> **What the exercise asks**:
With the pictures removed, write out the full listing below exactly.
Start of Source material
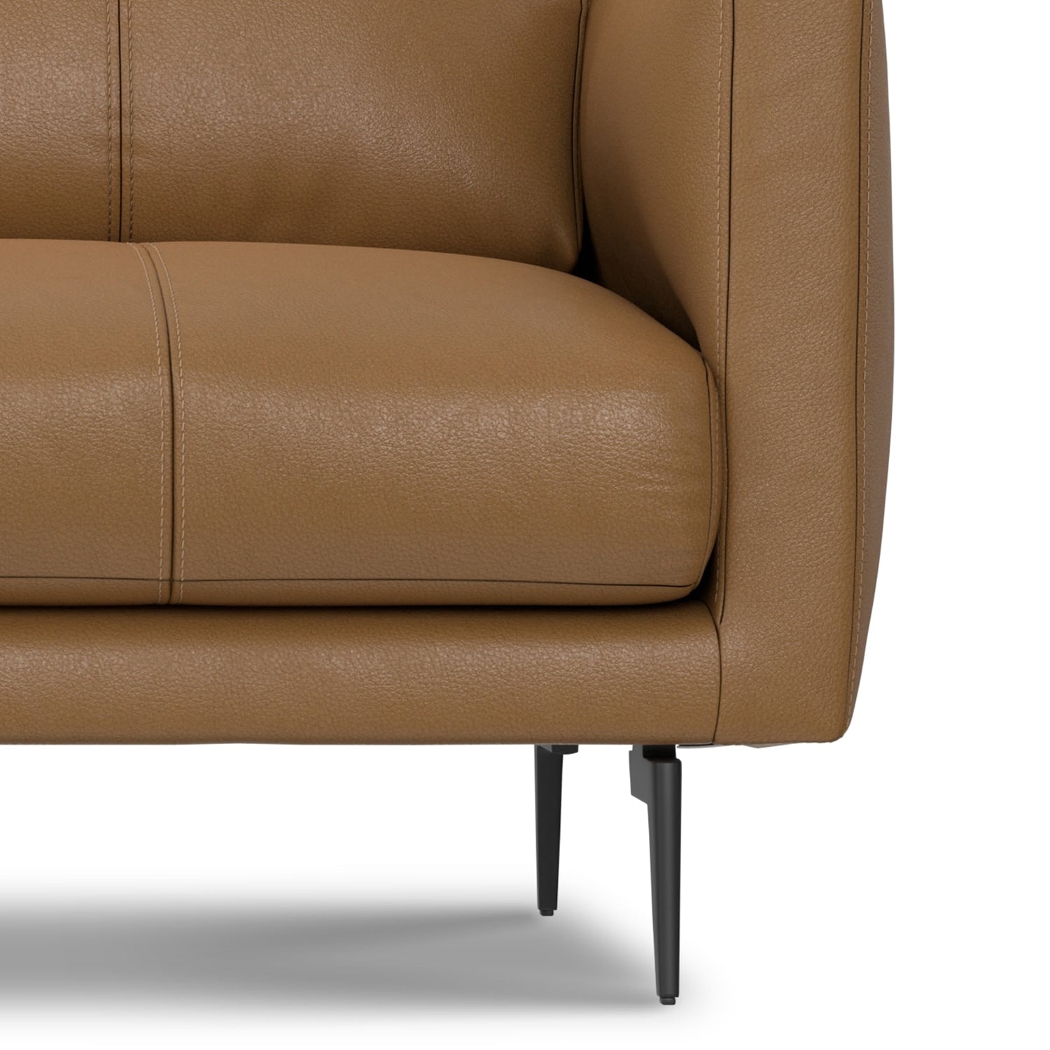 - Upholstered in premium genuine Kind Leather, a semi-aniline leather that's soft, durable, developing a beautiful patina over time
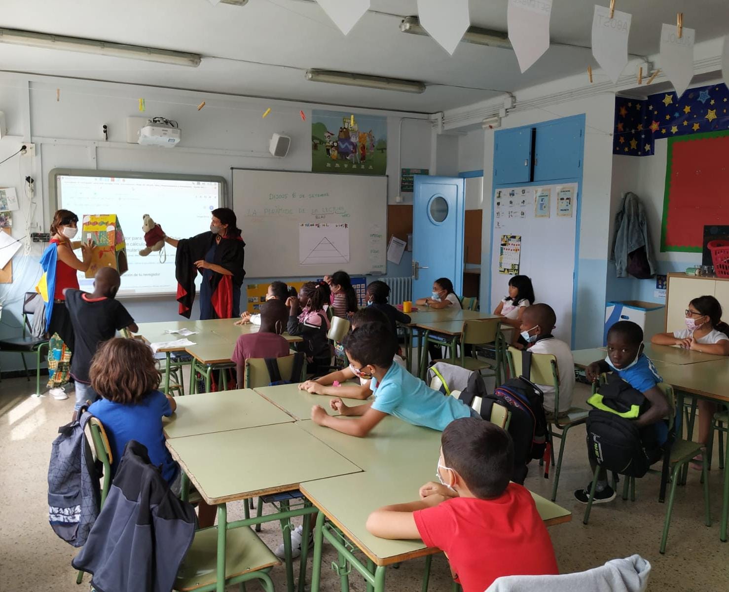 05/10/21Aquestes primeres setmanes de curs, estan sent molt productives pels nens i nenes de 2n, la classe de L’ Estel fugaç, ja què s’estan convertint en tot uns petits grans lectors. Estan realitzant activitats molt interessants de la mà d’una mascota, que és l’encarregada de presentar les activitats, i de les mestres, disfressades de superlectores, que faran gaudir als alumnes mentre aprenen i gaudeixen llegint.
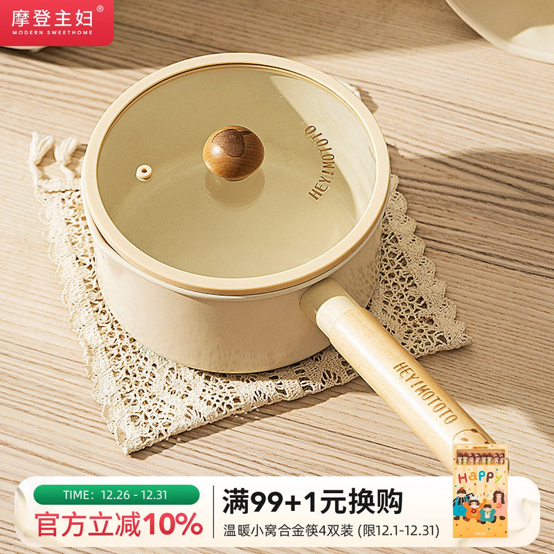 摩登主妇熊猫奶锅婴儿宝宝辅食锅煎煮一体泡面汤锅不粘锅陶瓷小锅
End of Source material
> **Solution for this exercise**:
 - Upholstered in premium genuine Kind Leather, a semi-aniline leather that's soft, durable, developing a beautiful patina over time
 05/10/21Aquestes primeres setmanes de curs, estan sent molt productives pels nens i nenes de 2n, la classe de L’ Estel fugaç, ja què s’estan convertint en tot uns petits grans lectors. Estan realitzant activitats molt interessants de la mà d’una mascota, que és l’encarregada de presentar les activitats, i de les mestres, disfressades de superlectores, que faran gaudir als alumnes mentre aprenen i gaudeixen llegint.
 摩登主妇熊猫奶锅婴儿宝宝辅食锅煎煮一体泡面汤锅不粘锅陶瓷小锅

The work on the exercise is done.